Today one of the regulars, a grumpy old Italian wearing a porkpie hat and Ray Charles sunglasses, tells me how glad he is that we’re keeping the lottery machine, and I don’t have the heart to tell him its days are numbered.
“The customer he don’ wanna walk all de way down to de Bergen,” he says. (Bergen Street is where the next-closest deli with a lottery machine is located.) “My office is right here.”
“Oh really?” I remark, trying again to be friendly. Though I’ve seen him around a couple of times, I didn’t realize the old man still worked. “So what do you do?”
“I’m a plumber,” he says proudly.
“Oh?” I haven’t noticed any
PLUMBER
signs nearby. “Where’s your office?”
“Right there.” He points at the corner of Hoyt and Atlantic, where nothing larger than the telephone booth stands. Then he walks outside and sits on our newspaper box. So I ask Dwayne what this could possibly mean—was the old man pulling my leg?
“Alonzo’s a street plumber,” Dwayne says. “That’s his corner. He just stands there all day waitin for somebody to ask him to unblock a toilet. He don’t harm nobody.”
“Where are his tools?” I ask.
“He used to keep them at home, but that was when he lived in the neighborhood. Now he lives in the projects in Flatbush, so he keeps them in a basement down the block. One of the antique store owners gives him a little space.”
“When did he move to Flatbush?”
“I dunno. Ten, twenty-five years ago.”
“Ten or twenty-five years ago? That’s how long he’s been standing on that corner?”
“Like I said, he don’t harm no one.”
“I didn’t say he did, Dwayne. I just wanted to know
what
he does for a living. Is he there every day?”
“Every day, all the time.” This bothers me. If the corner is Alonzo’s office, how come I never see him there?

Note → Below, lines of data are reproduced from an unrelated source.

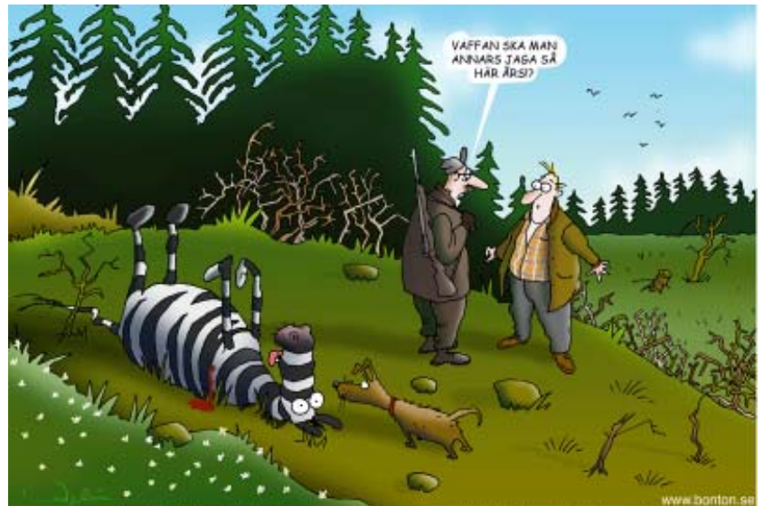
(Den här bilden gjorde jag när det egentligen inte var jakttid för något alls i skogen.)
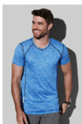
ST8840 Recycled Sports-T Reflect
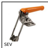
SEV Attrezzo di bloccaggio a tirante, A tirante verticale - inox
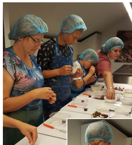
Gatavojam šokolādes našķus.
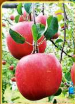
เก็บแอปเปิล
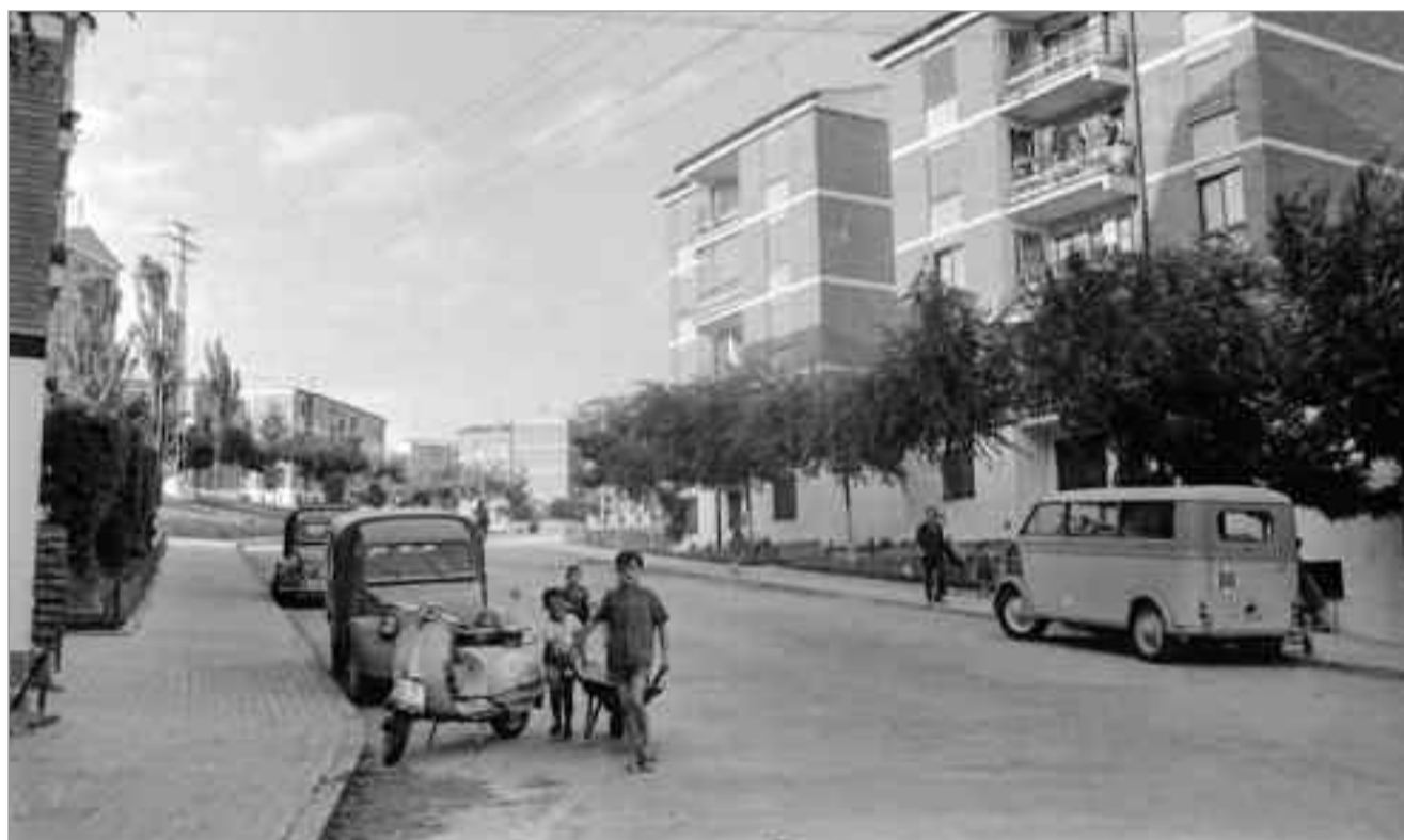
Santos Yubero. 1960-70. Alcalá de Henares. Campo del Ángel. Archivo Regional de la Comunidad de Madrid. Fondo fotográfico Martín Santos Yubero.

Sure enough, when I look outside again he’s gone.
After that I begin reconsidering the lottery machine. For every
Screamer or Mumbles, there’s someone like Alonzo, who’s hardly what you would call a lottery fiend. Of course, as soon as I begin having second thoughts, the lottery machine, being the evil, all-knowing creature that it is, seems pleased and emits one of its random robotic belches. (I swear, every time I look at that thing, it smiles at me and whispers,
You know you want to play. Try it!)
Being connected by wire to some central location from which it receives updates throughout the day—numbers, numbers, numbers pouring into its cold blue shell—it will also occasionally hiccup and go off on feverish fugues that I imagine to be telepathic summons to members of the lottery community. That’s undoubtedly the worst part of the lottery machine: you often feel like you’re hosting an Amway representative or the latest diet guru, a charlatan preying on the feebleminded. The lottery messes with people’s heads. It turns them into twitchy, dart-eyed, pattern-obsessed arithmomaniacs—people crazed by numbers. For instance, on January 2, 2003, we had people with dark circles under their eyes and chewed-down nails spilling out the door, desperate to play variations on 1-2-3 before it reached its quota.